1)  La grande masse des chrétiens ignore presque tout des péripéties de l'Eglise d'aujourd'hui. Certes ils connaissent les scandales que la presse se réjouit de répercuter, ils sont au courant de certaines grandes manifestations vaticanes. Mais ce que vivent leurs frères et s½urs de Ceylan, du Darfour, du Timor, de l'Afghanistan ? Leur a-t-on parlé de ce ministre chrétien pakistanais qui a été exécuté, de ces missionnaires qui, en Sibérie ou au Cambodge, reconstruisent une Eglise qui avait été totalement anéantie ?...La paroisse ne doit pas être réduite à un lieu de consommation (de sacrements et de paroles pieuses), il n'y a pas que les fêtes de patronage, les pèlerinages, les soupers « bol de riz », les problèmes de chauffage. L'Eglise est une communauté mondiale engagée dans les luttes du monde, où des pionniers luttent aux frontières, annoncent le Royaume, souffrent dans les prisons : c'est pourquoi une paroisse doit être un lieu d'échanges, où l'on apprend sans cesse les aventures d'une Eglise qui lutte, où les paroissiens peuvent raconter leurs réalisations, leurs problèmes, où l'on écoute avec intérêt ce que les autres ont accompli. Ainsi se forme l'esprit d'équipe et se vainc la jalousie.

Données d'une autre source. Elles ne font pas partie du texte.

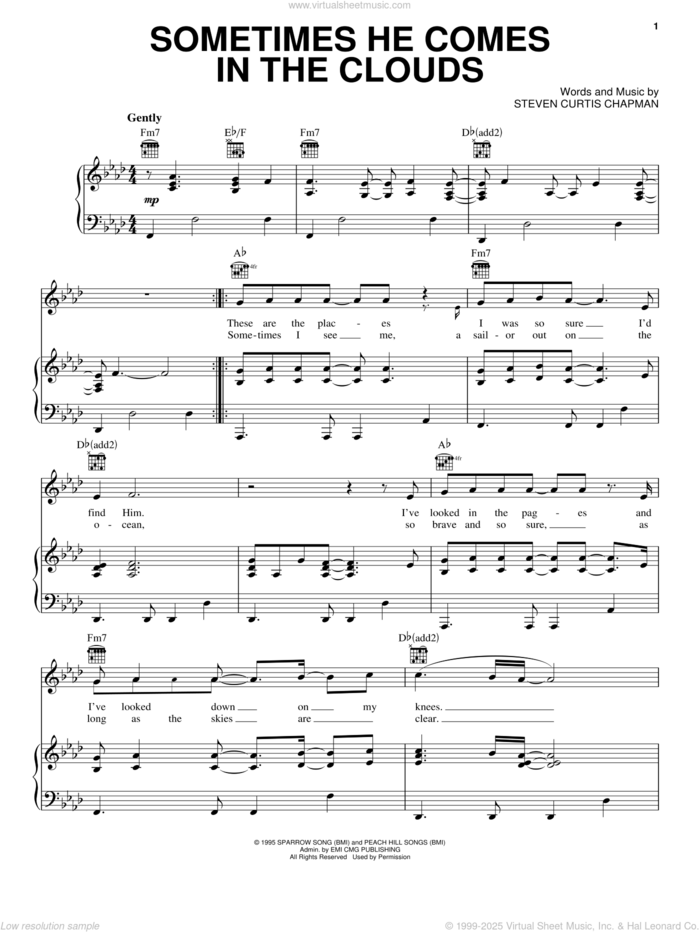 This new feature (still experimental) allows you to ask questions related to this music title to our AI music assistant (powered by OpenAI ChatGPT), trained to answer as an expert on this music title.You may ask questions like "When was this song written?" or "How would you suggest approaching this song?" You can also ask questions about the author or anything else you may think of. Just enter your queries inside the field on the top of the displayed music and click the "Ask" button on the left to start chatting. Remember that the assistant cannot perform catalog searches. It is focused only on this music title. It could also give you wrong or imperfect answers. In that case, click the "regenerate" button on the side of the answer to replace it with a new one. And, of course, you can provide feedback for each answer so we can improve the system. ![]() Steven Curtis Chapman: Sometimes He Comes In The Clouds for voice, piano or guitar, intermediate sheet music. Includes an High-Quality PDF file to download instantly. Licensed to Virtual Sheet Music® by Hal Leonard® publishing company. NOTE: The image above is just a preview of the first page of this item. Buy this item to display, print, and enjoy the complete music. Basic Score Info

2)  Il est normal d'élaborer des projets, de remplir son agenda avec les activités prévues, de planifier son temps pour ne pas le perdre, et aussi de prendre du repos. Mais il arrive que des demandes urgentes bouleversent le programme, que des visites impromptues obligent à laisser refroidir le repas préparé, que l'invitation à un banquet survienne un jour où l'on voulait jeûner. Dieu se plaît à intervenir à contre-sens. L'obéissance à l'événement sera meilleure qu'un enfermement dans une stricte observance.

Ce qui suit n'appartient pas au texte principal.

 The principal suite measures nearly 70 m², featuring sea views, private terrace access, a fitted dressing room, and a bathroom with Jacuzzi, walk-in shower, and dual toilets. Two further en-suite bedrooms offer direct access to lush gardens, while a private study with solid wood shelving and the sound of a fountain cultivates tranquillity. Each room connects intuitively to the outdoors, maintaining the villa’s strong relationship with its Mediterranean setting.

3) Voir les hommes comme Jésus les voyait. Pas seulement la pauvreté matérielle de certains mais l'immense misère morale et spirituelle de TOUS ! Bombardés par des slogans enjôleurs, matraqués par des invitations incessantes, leurrés par des leaders cupides, écrasés par des dictateurs, menés au bord de l'abîme par des banques qui leur promettaient le paradis. Nous, pasteurs, sommes-nous bouleversés par ces désastres, ces malheurs sans fond, cette incapacité de vivre bien, ces dérives dans l'alcool et les drogues ? Enseigner, redire le message de la Bonne Nouvelle, instruire, tenter de faire comprendre, bousculer l'inertie, ouvrir les yeux avant qu'il ne soit trop tard, amener les chrétiens à adopter un style de vie conforme à l'Evangile, constituer une communauté fraternelle bâtie autour de la vérité de l'Evangile. Quel travail jamais achevé !!!